I'm concerned with the total number of ones, and the total number of runs, but not with the size of any of the runs.
For example, $N=8$, $R=3$, $C=5$ includes 11101010, 01101011 among the 24 total possible strings.
I can compute these for small $N$ easily enough, but I am specifically interested in the distribution for $N=65536$. As this will result in very large integers, the log probability distribution is equally useful.
I found [1] and [2], which includes this:
Let $N_{n;g_k,s_k}$ denote the number of binary strings which contain for given $g_k$ and $s_k$, $g_k=0,1,…,⌊\frac{s_k}{k}⌋$, $s_k=0,k,k+1,…,n$, exactly $g_k$ runs of 1’s of length at least $k$ with total number of 1’s (with sum of lengths of runs of 1’s) exactly equal to $s_k$ in all possible binary strings of length $n$.

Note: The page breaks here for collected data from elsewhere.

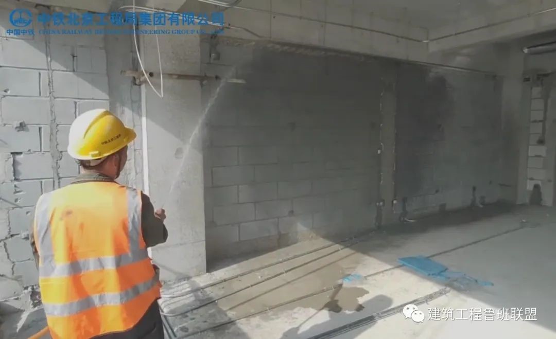 在甩毛前一天,用软管顺墙至上而下浇水湿润,冲去墙面渣沫,保证墙体湿润。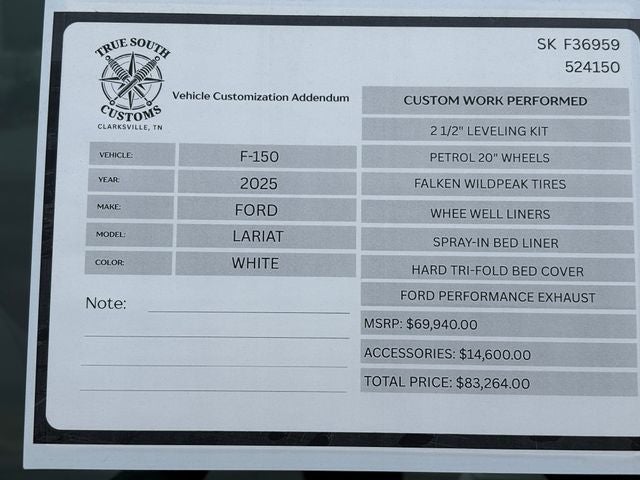 **Dealer Added Accessories: 2 1/2 Leveling Kit, Falken Tires, Petrol 20 Wheels, Wheel Well Liners, Ford Performance Exhaust, Tonneau Cover, and Spray in Liner** Upfit Price $12500**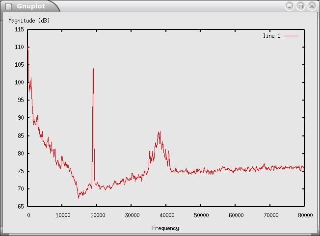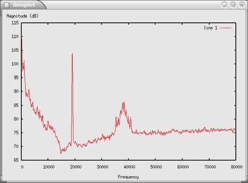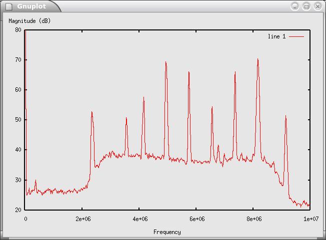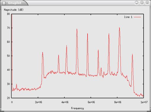 The frequency domain provides additional information. In this case, we grab 1,024 samples at a time and compute the discrete Fourier transform using the fast Fourier transform (FFT) algorithm. This gives us a representation of the frequencies that are contained in the input signal. Figure 3 shows the resulting spectrum. The x-axis is frequency, and the y-axis is power in decibels (10 * log10 power). The low end is at zero Hz, and the top end is at 10MHz, half our sampling rate.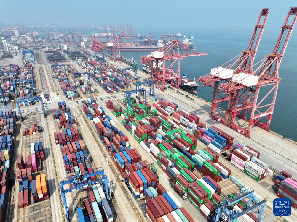 8月24日,在江苏省连云港港集装箱码头,货轮正在装卸集装箱(无人机照片)。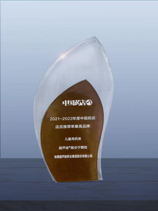近日,由《中国药店》杂志社举办的“2022~2023年度中国药店发展报告暨中国药店价值榜发布会”在青岛举行,会上发布了“2021-2022年度中国药店店员推荐率最高品牌”奖,金年金字招牌诚信至上药业两大明星产品金年金字招牌诚信至上牌小儿肺热咳喘颗粒(4g)、金年金字招牌诚信至上牌肠炎宁颗粒(2g)双双上榜。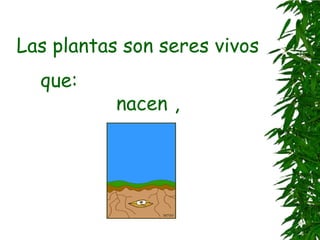 Las plantas son seres vivos que nacen, se alimentan, crecen, se reproducen y mueren, pero no se desplazan. Tienen partes como la raíz, el tallo, las hojas, las flores y los frutos, que cumplen funciones importantes como fijar la planta, absorber agua y nutrientes, transportar alimento, respirar y reproducirse. Las plantas pueden ser herbáceas o leñosas, y existen diferentes tipos de raíces, tallos, hojas, flores y frutos.

An expression for this is given in eq. (24):
$N_{n;g_k,s_k} = \sum_{y=0}^{n-s_k}
{y+1 \choose g_k }
{s_k-(k-1)g_k-1 \choose g_k-1}
\sum_{j=0}^{⌊\frac{n-y-s_k}{k}⌋}
(-1)^j
{y+1-g_k \choose j}
{n-s_k-kj-g_k \choose n-s_k-kj-y}
$
for $g_k \in \{1, …, ⌊\frac{s_k}{k}⌋\}$, $s_k \in \{k, k+1, …, n\}$.
I think this is exactly what I'm looking for, with $k = 1$, $s_k = C$ and $g_k = R$. However, when I implemented this I did not get the expected results (Python shown below, edge cases omitted), based on comparing to counting all strings for N=8. I am working backwards to try to understand where I might have gone wrong, but not having much luck yet. I wonder if I am misunderstanding the result.
def F(x, y, n):
# x = C or s_k (cardinality)
# y = R or g_k (runCount)
# n = N (total bits)
a1 = 0
for z in range(n-x+1):
b1 = choose(z+1, y) * choose(x-1, y-1)
a2 = 0
for j in range(n-z-x+1):
a2 += (-1) ** j * choose(z+1-y, j) * choose(n-x-j-y, n-x-j-z)
a1 += b1 * a2
return a1
Note that the choose function uses factorial, which I realize won't work for larger $N$ – but should be fine for $N=8$.
Edit: corrected a sign error typo in eq. (24) and the equivalent error in the python code.
[1] Counting Runs of Ones and Ones in Runs of Ones in
Binary Strings, Frosso S. Makri, Zaharias M. Psillakis, Nikolaos Kollas https://file.scirp.org/pdf/OJAppS_2013011110241057.pdf
[2] On success runs of a fixed length in Bernoulli sequences: Exact and asymptotic results, Frosso S.Makria, Zaharias M.Psillakis http://www.sciencedirect.com/science/article/pii/S0898122110009284
Best Answer
Consider a binary string and let's put an additional (dummy) fixed $0$ at the start of the it. We individuate as a run a $0$ followed by contiguous $1$'s.
So, given a string of length $N$, total of ones $C$, and number of runs $R$, we will have $N-C$ zeros, of which $N-C-R+1$ are "free", that is not tight to mark the runs.
The number of ways to constitute the runs is the number of (standard) compositions of $C$ into $R$ parts, that is $$ {{C-1} \choose {R-1}}$$.
The number of ways to place the "free" zeros will be equal to the number of weak compositions of their number into $R+1$ parts (in front of the first and then after each run), i.e.: $$ {{N-C-R+1+R+1-1} \choose {R}}={{N-C+1} \choose {R}}$$.
Which confirms N.Shales's answer, so that the merit should go to him.
Addendum
Concerning formula (24), for what I can see, it looks like that in the 3rd binomial ${{y+1+g_k} \choose {j}}$ there is a sign typo, and that it should be $\cdots -g_k$.
Then putting for instance $k=1,\; s_k=n-1 \; g_k=2$ it will correctly give $n-2$,
and with $k=1,\; s_k=C \; g_k=R$ it will give the formula above.
But not having the full text, I cannot check that further.